(Source data)
★ ★ ★ ★ ★ ★ ★

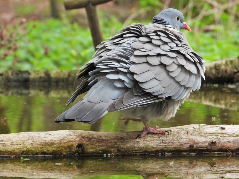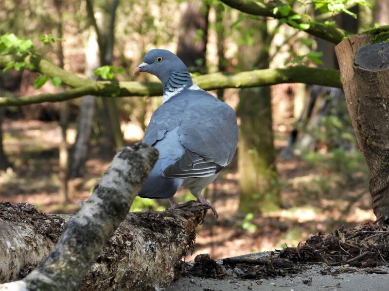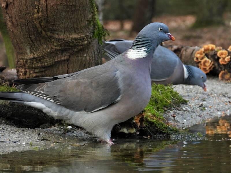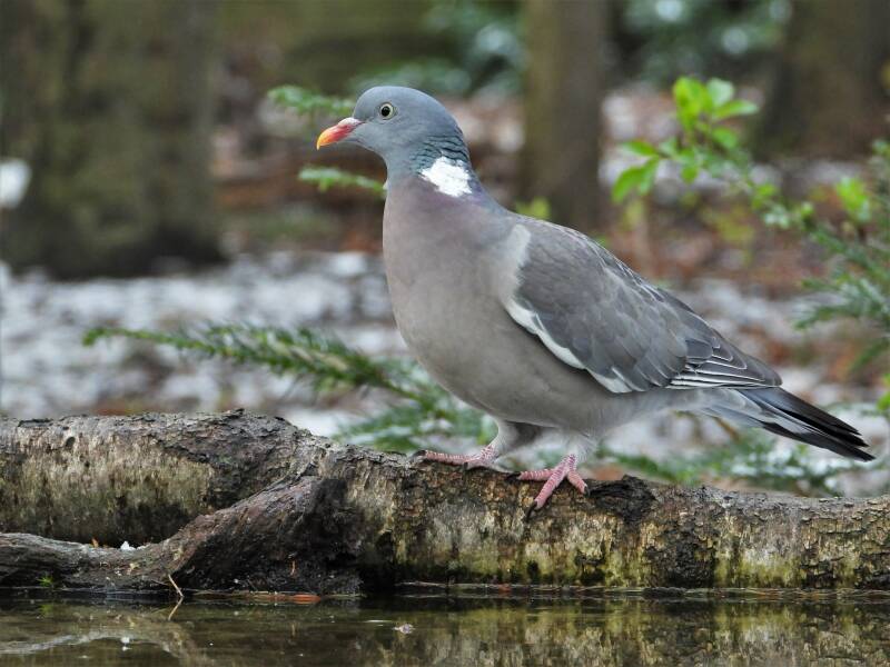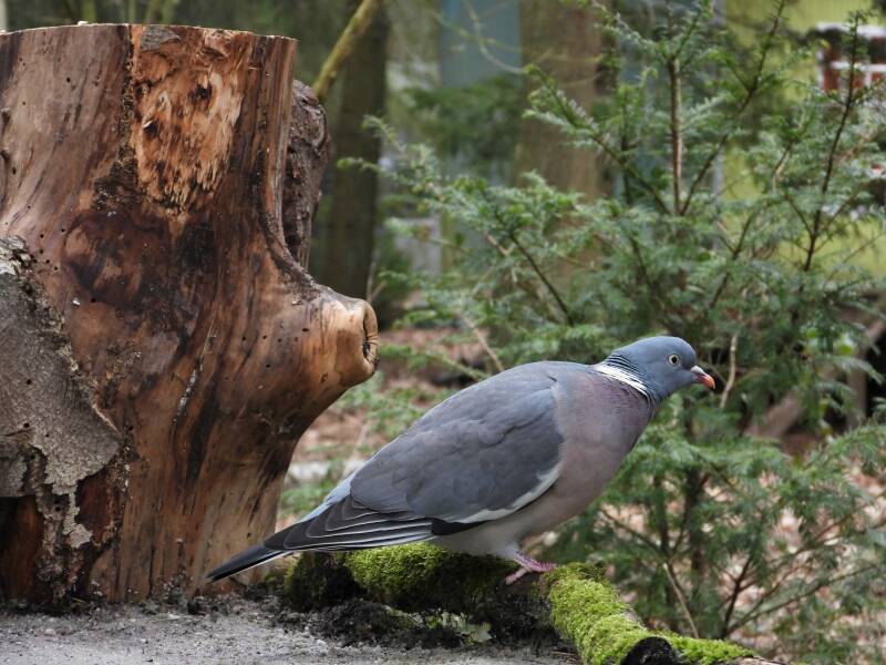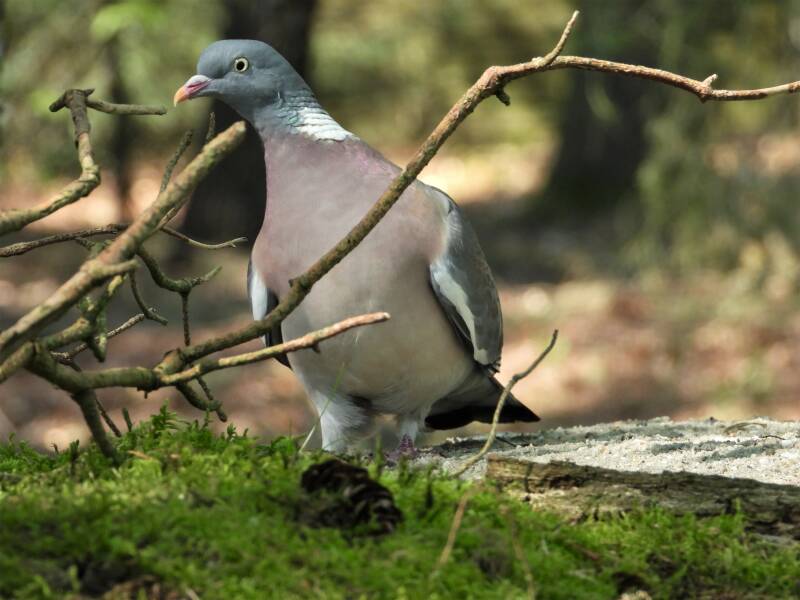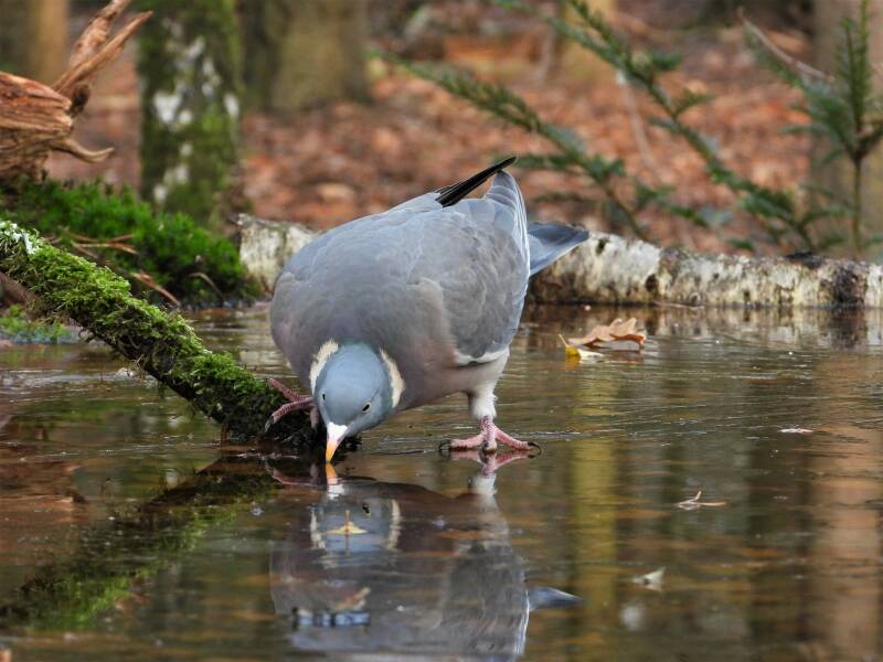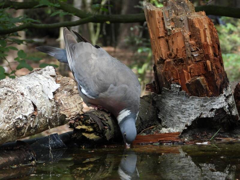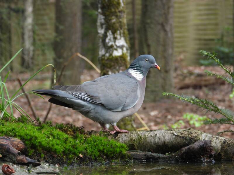 Houtduif > in het bos zit een aantal koppels houtduiven. Deze grote vogels strijken vaak met een hoop vleugelgeklapper neer bij de vijver. Ze komen daar drinken en nuttigen behoorlijk wat vogelvoer. Ze zijn erg schuw en bij iedere beweging van de cameralens gaan ze er vandoor.
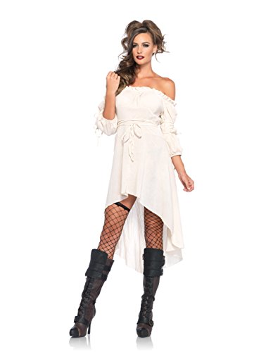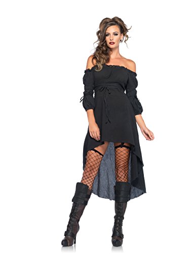 -. Binding : Apparel -. Brand : Leg Avenue -. ClothingSize : Medium/Large -. Color : Black -. Department : womens -. Feature : Great base halloween piece to build your own costume / Perfect versatile dress to create your own costume Great for a warrior, goddess, or pirate -. Genre : Historical -. IsAdultProduct : 0 -. Label : Leg Avenue Costumes -. Manufacturer : Leg Avenue Costumes -. MPN : LA2700IVRY -. PackageQuantity : 1 -. PartNumber : LA2700IVRY -. ProductGroup : Apparel -. ProductTypeName : ADULT_COSTUME -. Publisher : Leg Avenue Costumes -. Size : Medium / Large -. Studio : Leg Avenue Costumes -. Title : Leg Avenue Women's High Low Peasant Dress
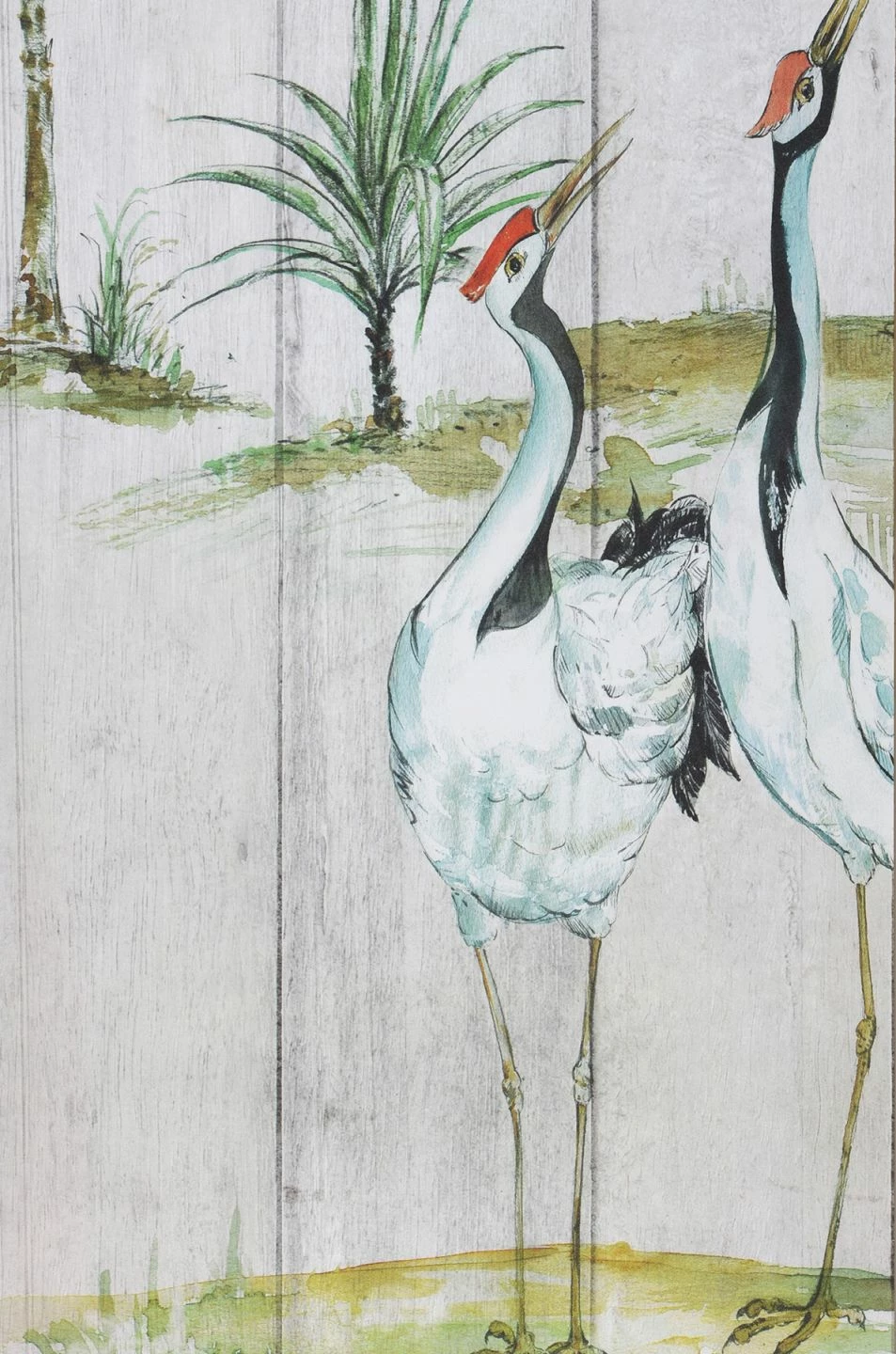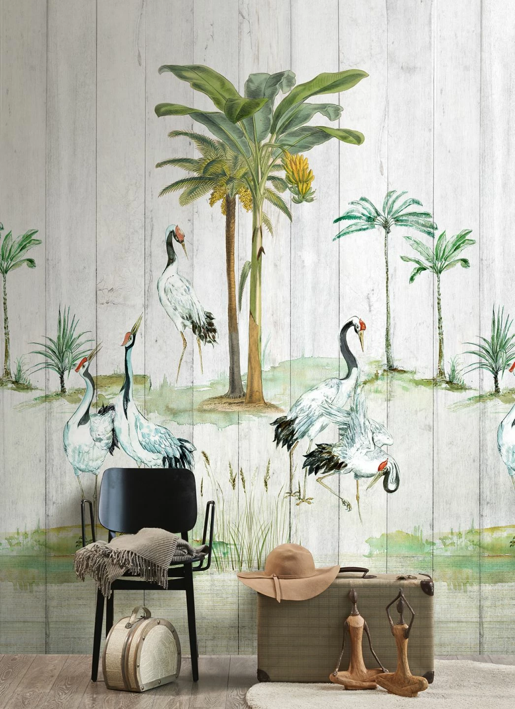 Diese Szene mit Wasservögeln, Schilf und Palmen könnte in der Südsee spielen. Das maritim-tropische Flair des dreiteiligen Wandbildes zieht gute Laune an, entspannt und regt zum Tagträumen an. Die hoch waschbeständige Vinylbeschichtung der Romantik Tapete erlaubt einen sehr flexiblen Einsatz.
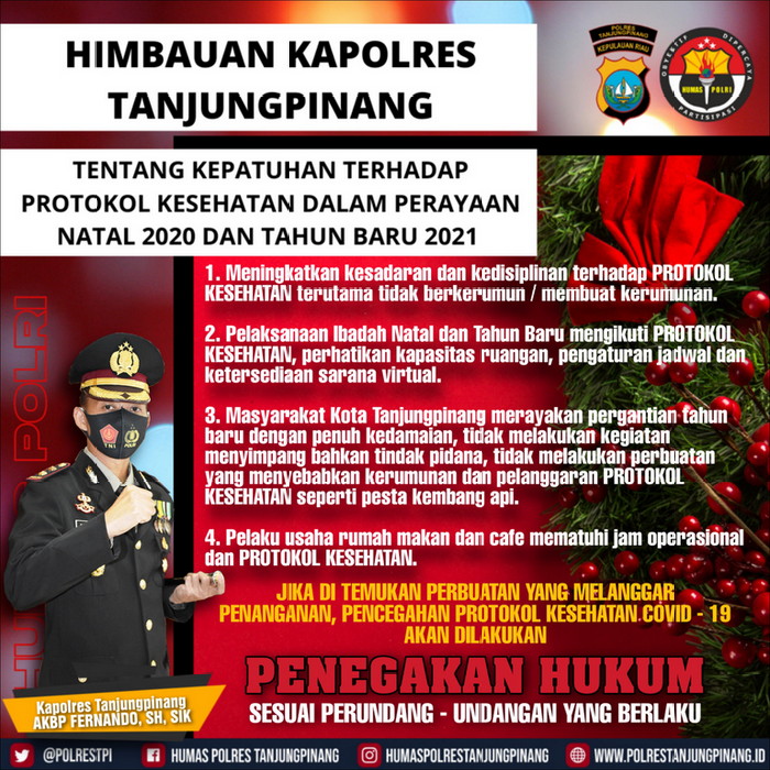 Bursakota.co.id, Tanjungpinang – Menjelang Perayaan Natal 2020 dan Tahun Baru 2021 Kapolres Tanjungpinang AKBP Fernando, S.H, S.I.K., mengeluarkan Himbauan Kapolres Tanjungpinang tentang Kepatuhan Terhadap Protokol Kesehatan Dalam Perayaan Natal 2020 dan Tahun Baru 2021.
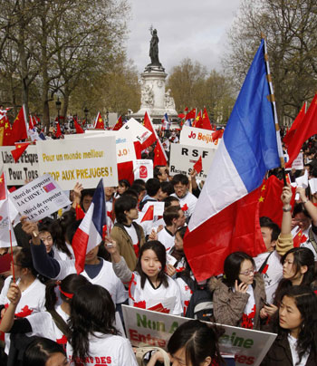 Thousands of Chinese students and expatriates demonstrate to support the upcoming Beijing Olympics and denounce some French media for their distorted reports on the March 14 Lhasa riots, in Paris April 19, 2008.  [Agencies]
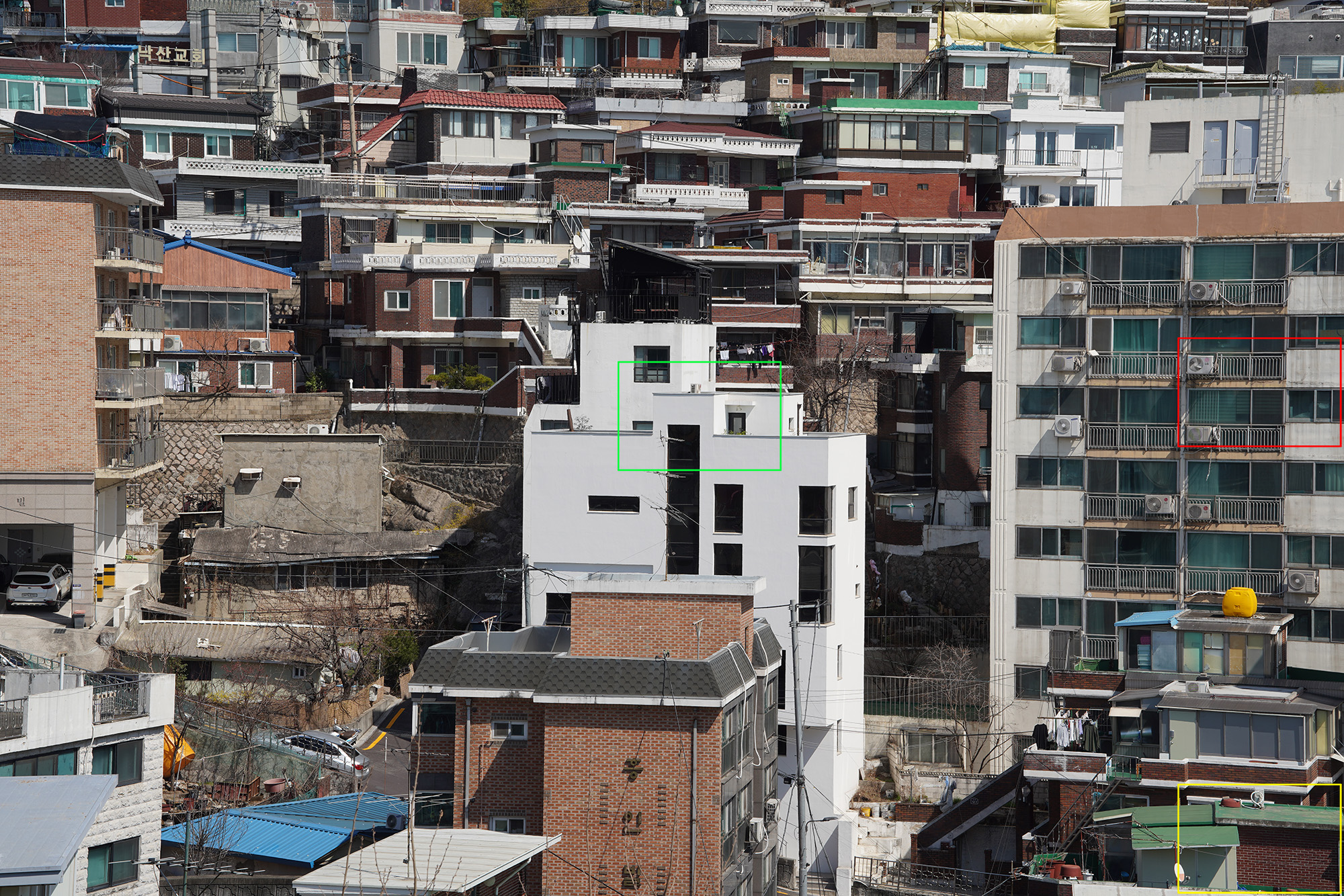 위 이미지는 F8 조리개 값으로 촬영한 35mm 이미지를 확대한 것입니다. 원본의 일부분을 추출한 것임을 쉽게 알 수 없을 정도로 윤곽선과 작은 피사체의 표현이 모두 뛰어납니다. A7R3 카메라의 4200만 화소 이미지를 표현하는 데 부족함이 없어 보입니다. 다른 초점거리보다 화질에 약점이 있는 35mm 최대 광각이라는 것을 주목할 필요가 있습니다. 특수 렌즈 7매가 포함된 고급 렌즈 구성, BBAR-G2 코팅 등 광학 성능 향상을 위한 탐론의 장치들이 좋은 결과물로 나타났다 평할 수 있습니다.
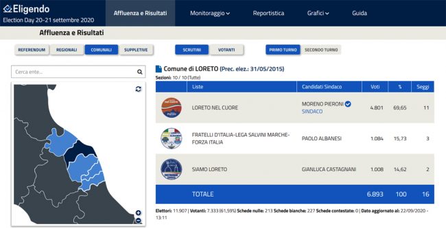 Non c’è stata storia da raccontare: Moreno Pieroni, 59 anni, in passato già due volte sindaco della città mariana e assessore regionale uscente, con la sua lista civica ‘Loreto nel cuore’ ha stravinto ed è andato oltre. Con il 69,65% dei consensi ha seminato i competitor Paolo Albanesi, 52 anni, responsabile tecnico di una ditta (Prima Loreto lista civica con tutti i simboli dei partiti di centrodestra) che si è fermato al 15,73,% e Gianluca Castagnani, 53 anni, funzionario regionale e consigliere comunale di minoranza uscente (lista Siamo Loreto in corsa anche per il Consiglio regionale con la civica Civitas) attestato sul 14,62%
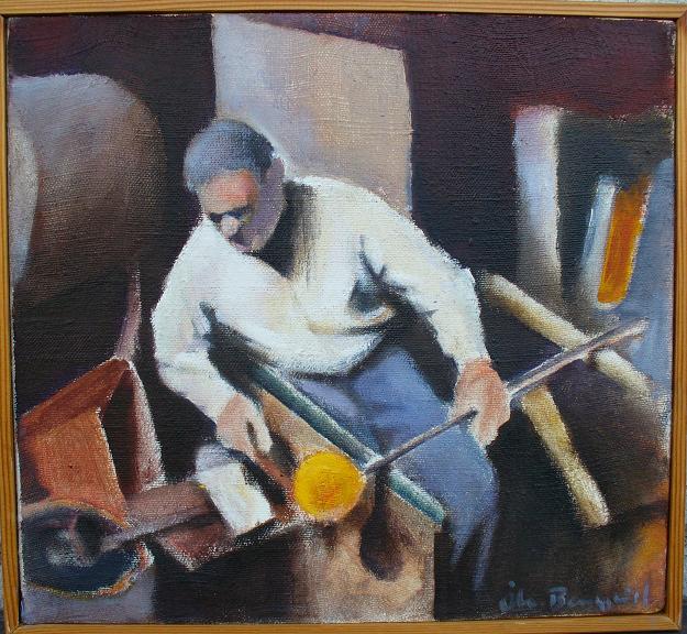Den här oljemålningen har som modell en av uppblåsarna på Bergdala glasbruk, och den målades av Åke Bergqvist vid mitten av 1980-talet.

★ ★ ★ ★ ★ ★ ★

- **Exercise brief**
Write out every entry again word for word, without any of the pictures.

- **Exercise solution**
 Houtduif > in het bos zit een aantal koppels houtduiven. Deze grote vogels strijken vaak met een hoop vleugelgeklapper neer bij de vijver. Ze komen daar drinken en nuttigen behoorlijk wat vogelvoer. Ze zijn erg schuw en bij iedere beweging van de cameralens gaan ze er vandoor.
 -. Binding : Apparel -. Brand : Leg Avenue -. ClothingSize : Medium/Large -. Color : Black -. Department : womens -. Feature : Great base halloween piece to build your own costume / Perfect versatile dress to create your own costume Great for a warrior, goddess, or pirate -. Genre : Historical -. IsAdultProduct : 0 -. Label : Leg Avenue Costumes -. Manufacturer : Leg Avenue Costumes -. MPN : LA2700IVRY -. PackageQuantity : 1 -. PartNumber : LA2700IVRY -. ProductGroup : Apparel -. ProductTypeName : ADULT_COSTUME -. Publisher : Leg Avenue Costumes -. Size : Medium / Large -. Studio : Leg Avenue Costumes -. Title : Leg Avenue Women's High Low Peasant Dress
 Diese Szene mit Wasservögeln, Schilf und Palmen könnte in der Südsee spielen. Das maritim-tropische Flair des dreiteiligen Wandbildes zieht gute Laune an, entspannt und regt zum Tagträumen an. Die hoch waschbeständige Vinylbeschichtung der Romantik Tapete erlaubt einen sehr flexiblen Einsatz.
 Bursakota.co.id, Tanjungpinang – Menjelang Perayaan Natal 2020 dan Tahun Baru 2021 Kapolres Tanjungpinang AKBP Fernando, S.H, S.I.K., mengeluarkan Himbauan Kapolres Tanjungpinang tentang Kepatuhan Terhadap Protokol Kesehatan Dalam Perayaan Natal 2020 dan Tahun Baru 2021.
 Thousands of Chinese students and expatriates demonstrate to support the upcoming Beijing Olympics and denounce some French media for their distorted reports on the March 14 Lhasa riots, in Paris April 19, 2008.  [Agencies]
 위 이미지는 F8 조리개 값으로 촬영한 35mm 이미지를 확대한 것입니다. 원본의 일부분을 추출한 것임을 쉽게 알 수 없을 정도로 윤곽선과 작은 피사체의 표현이 모두 뛰어납니다. A7R3 카메라의 4200만 화소 이미지를 표현하는 데 부족함이 없어 보입니다. 다른 초점거리보다 화질에 약점이 있는 35mm 최대 광각이라는 것을 주목할 필요가 있습니다. 특수 렌즈 7매가 포함된 고급 렌즈 구성, BBAR-G2 코팅 등 광학 성능 향상을 위한 탐론의 장치들이 좋은 결과물로 나타났다 평할 수 있습니다.
 Non c’è stata storia da raccontare: Moreno Pieroni, 59 anni, in passato già due volte sindaco della città mariana e assessore regionale uscente, con la sua lista civica ‘Loreto nel cuore’ ha stravinto ed è andato oltre. Con il 69,65% dei consensi ha seminato i competitor Paolo Albanesi, 52 anni, responsabile tecnico di una ditta (Prima Loreto lista civica con tutti i simboli dei partiti di centrodestra) che si è fermato al 15,73,% e Gianluca Castagnani, 53 anni, funzionario regionale e consigliere comunale di minoranza uscente (lista Siamo Loreto in corsa anche per il Consiglio regionale con la civica Civitas) attestato sul 14,62%
Den här oljemålningen har som modell en av uppblåsarna på Bergdala glasbruk, och den målades av Åke Bergqvist vid mitten av 1980-talet.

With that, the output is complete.